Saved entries
==================================================

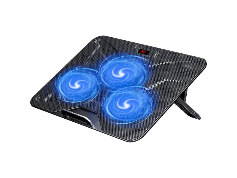 | Karakteristike | Kompatibilnost: Laptopi do 18.3 inča Ventilatori: 3 x 125 mm Brzina ventilatora: 1000-1200 rpm Nivo buke: do 28 dBA Osvetljenje: Plavi LED svetlosni efekat USB portovi: 2 x USB 2.0 (dodatni port za povezivanje drugih uređaja) Povezivanje: USB-A Napajanje: DC 5V Potrošnja energije: oko 4W Materijal: ABS plastika i metalna mreža Ergonomski dizajn: Podesiv ugao nagiba od 6.5° do 40° Dimenzije: 400 x 290 x 32 mm Težina: 0.745 kg |
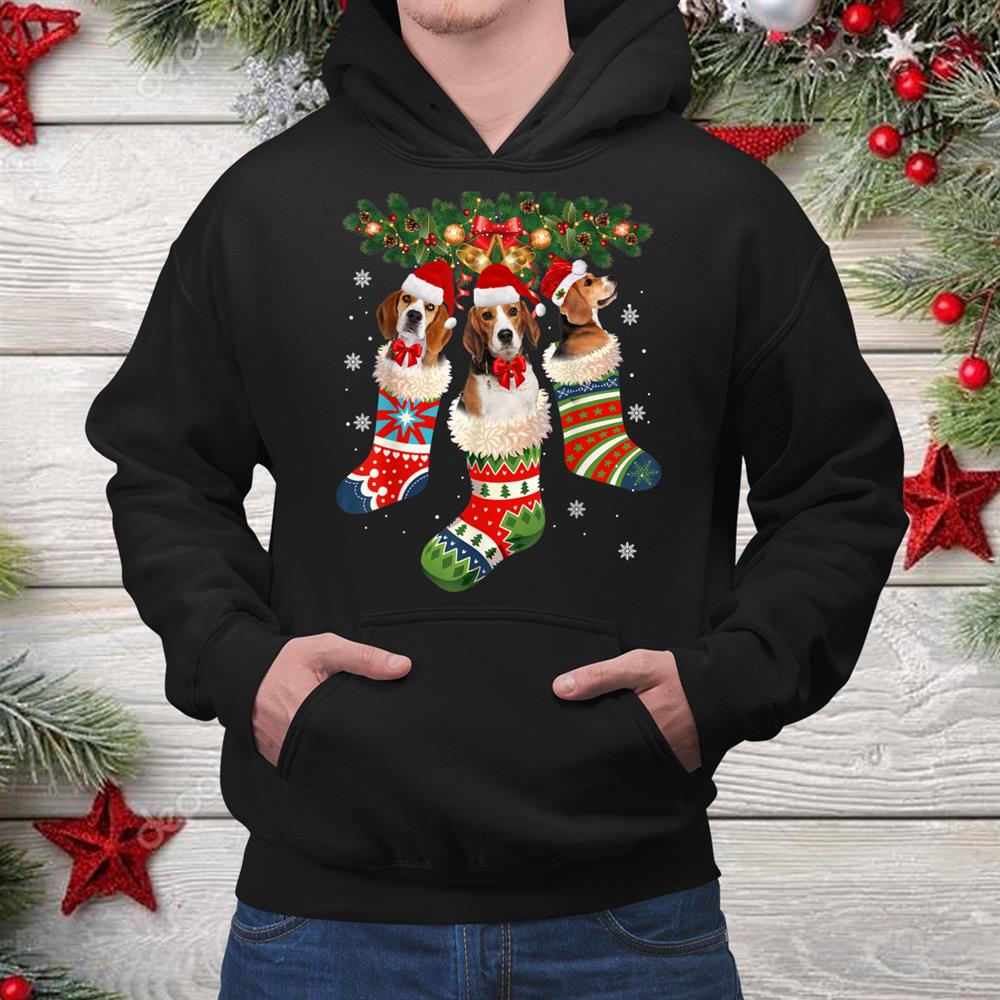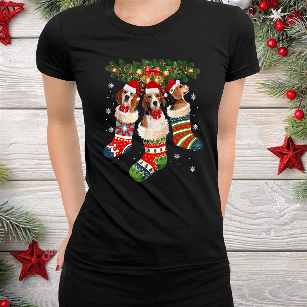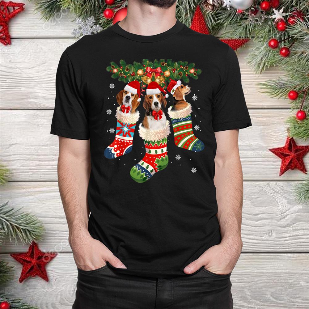 Beagle In Sock Dog Santa Hat Christmas Shirt, hoodie, sweatshirt, long sleeve and ladies T-shirt
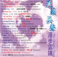 01. Walking In The Air 漫步在空中 02. Over The Rainbow 彩虹彼端 03. Over The Rainbow 彩虹彼端 04. Song Of Joy 快樂頌 05. Amazing Grace 奇異恩典 06. Pie Jesu 求主垂憐 07. All I Ask Of You 我對你的唯一要求 08. I Have A Dream 我有個夢 09. Morning Has Broken 破曉時分 10. When A Child Is Born 當巨星誕生 11. Silent Night 平安夜 12. For The Wings Of A Dove 乘著歌聲的翅膀上 13. Solveig's Song 蘇爾維琪之歌 14. Ave Maria 聖母頌 15. Mama 媽媽 16. Danny Boy 丹尼男孩 17. Scarborough Fair 史卡博羅市集 18. The Last Rose Of Summer 夏日最後的玫瑰 19. Annie Laurie 安妮蘿莉 20. Going Home 秋夜吟 21. Memory 回憶 22. I Don’t Know How To Love Him 我不知道如何愛你 CD Π 01. Cry Me A River(一) 淚流成河 02. Cry Me A River (二) 淚流成河 03. The End Of The World世界末日 04. My Last Date我跟你的最後一次約會 05. I Can’t Help You I’m Falling Too 我無法幫助你,我也墜入愛河了 06. I Will follow Him (Chariot) 我願跟隨他 07. What A Wonderful World多麼美好的世界 08. Heal The World 治癒這個世界 09. Stand By Your Man 依偎在你身旁的男人 10. D.I.V.O.R.C.E 離婚 11. Edelweiss from The Sound Of Music 一朵小白花 12. Silver Thread Among The Gold 白髮吟 13. Orinoco Flow(Sail Away)(Enya)俄里諾柯河 14. How Can I keep From Singing(Trade)我如何信守承諾 15. San Damiano 聖達米安諾 16. Evening Falls(Enya) 夜幕低垂 17. Sailing 航行 18. One Voice 一個聲音 19. Close Every Door TO Me 關上每一扇門 20. Light The Candles Round The World 點燃舉世的燭光 21. White Christmas 銀色聖誕 22. O Holy Night 聖誕夜 |
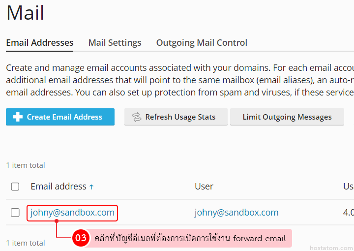 คลิกที่บัญชีอีเมลที่ต้องการเปิดการใช้งาน forward email
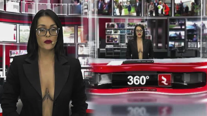 Mai come questa volta, vale il principio ”il fine giustifica i mezzi” e anche l’abbigliamento, aggiungiamo noi. Attenzione in questa emittente albanese Enki non è l’unica ad esibirsi durante il Tg.
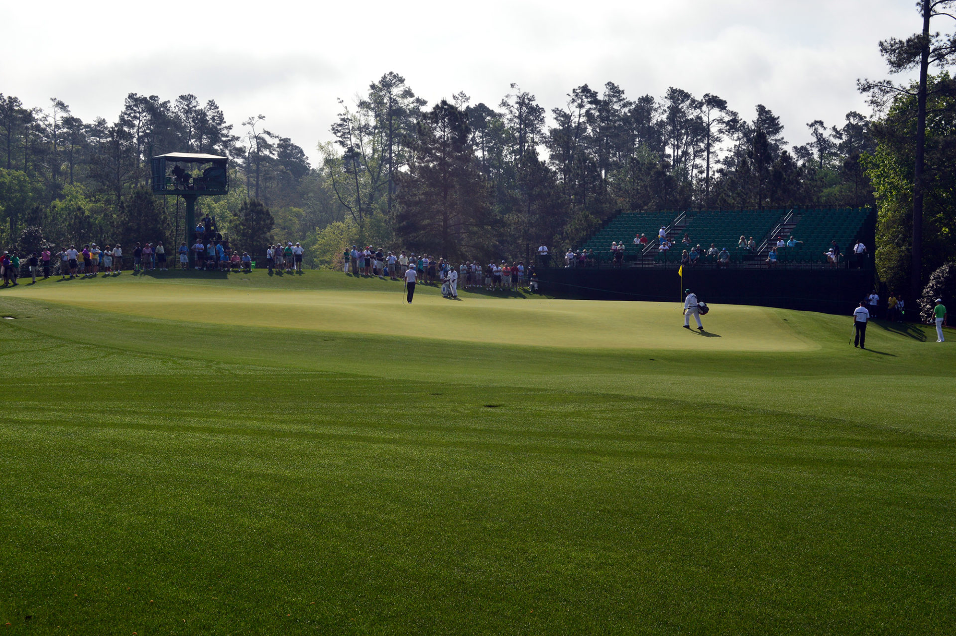In molte buche riuscire a posizionare il tee shot nella parte più pianeggiante del fairway è un grande vantaggio. Esempio perfetto è la 13: La parte sinistra del fairway, vicino al ruscello, è più in piano e da’ un angolo migliore per attaccare il green. La parte destra del fairway invece pende fortemente da destra a sinistra. Con la palla più alta dei piedi (che favorisce un draw) i giocatori devono attaccare un green disegnato per un fade. Dettagli come questo rendono Augusta uno dei campi migliori al mondo.
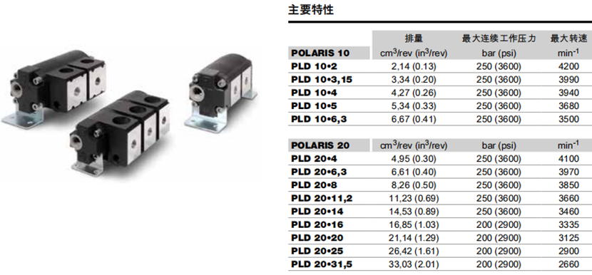 排量范圍:從2,14 cm3/rev (0.13 in3/rev) 到33,03 cm3/rev (2.01 in3/rev);分10, 20兩個規(guī)格。
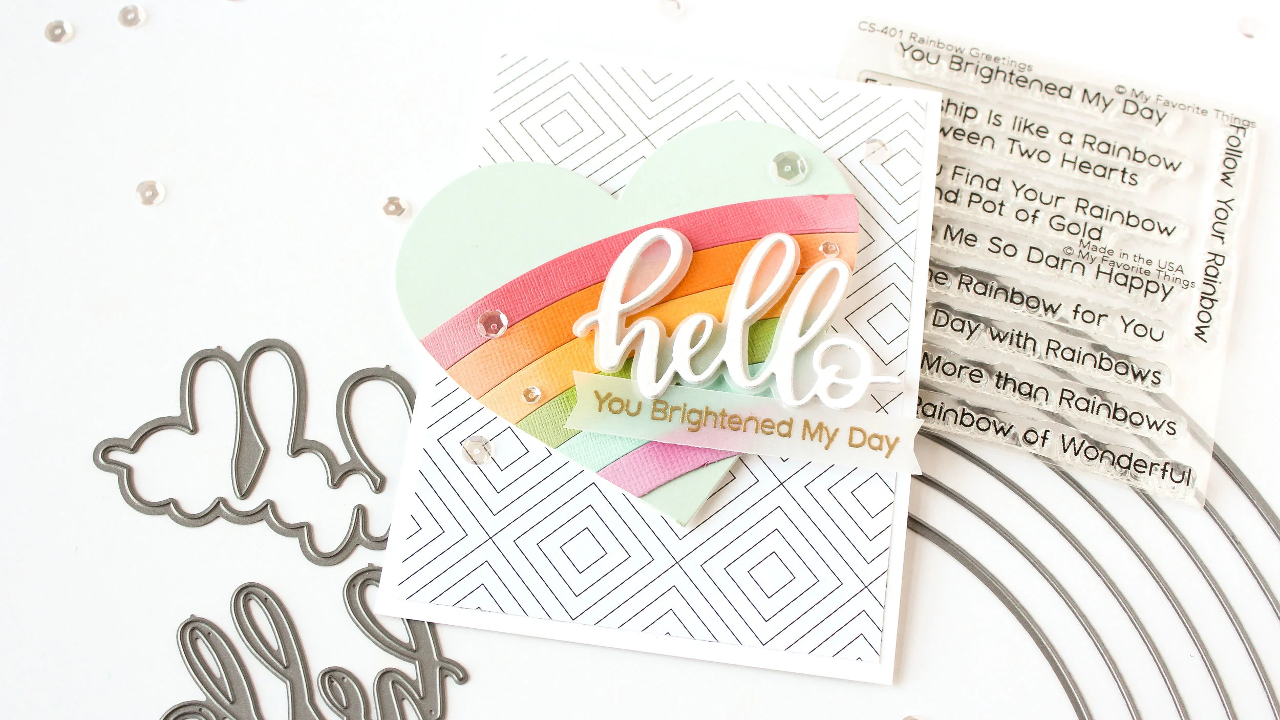 I’ll be using the My Favorite Things Rainbow Bright die to create a fun rainbow on my die cut. I’ve die cut it several times from different colors of textured card stock. I love the extra little somethin-somethin that textured card stock adds to simple cards and die cuts.

==================================================

- Description of the task
Retype each line of the data exactly, beginning with the first; include the line containing "Beagle In Sock" and stop there, skipping every picture.

- Output below
 | Karakteristike | Kompatibilnost: Laptopi do 18.3 inča Ventilatori: 3 x 125 mm Brzina ventilatora: 1000-1200 rpm Nivo buke: do 28 dBA Osvetljenje: Plavi LED svetlosni efekat USB portovi: 2 x USB 2.0 (dodatni port za povezivanje drugih uređaja) Povezivanje: USB-A Napajanje: DC 5V Potrošnja energije: oko 4W Materijal: ABS plastika i metalna mreža Ergonomski dizajn: Podesiv ugao nagiba od 6.5° do 40° Dimenzije: 400 x 290 x 32 mm Težina: 0.745 kg |
 Beagle In Sock Dog Santa Hat Christmas Shirt, hoodie, sweatshirt, long sleeve and ladies T-shirt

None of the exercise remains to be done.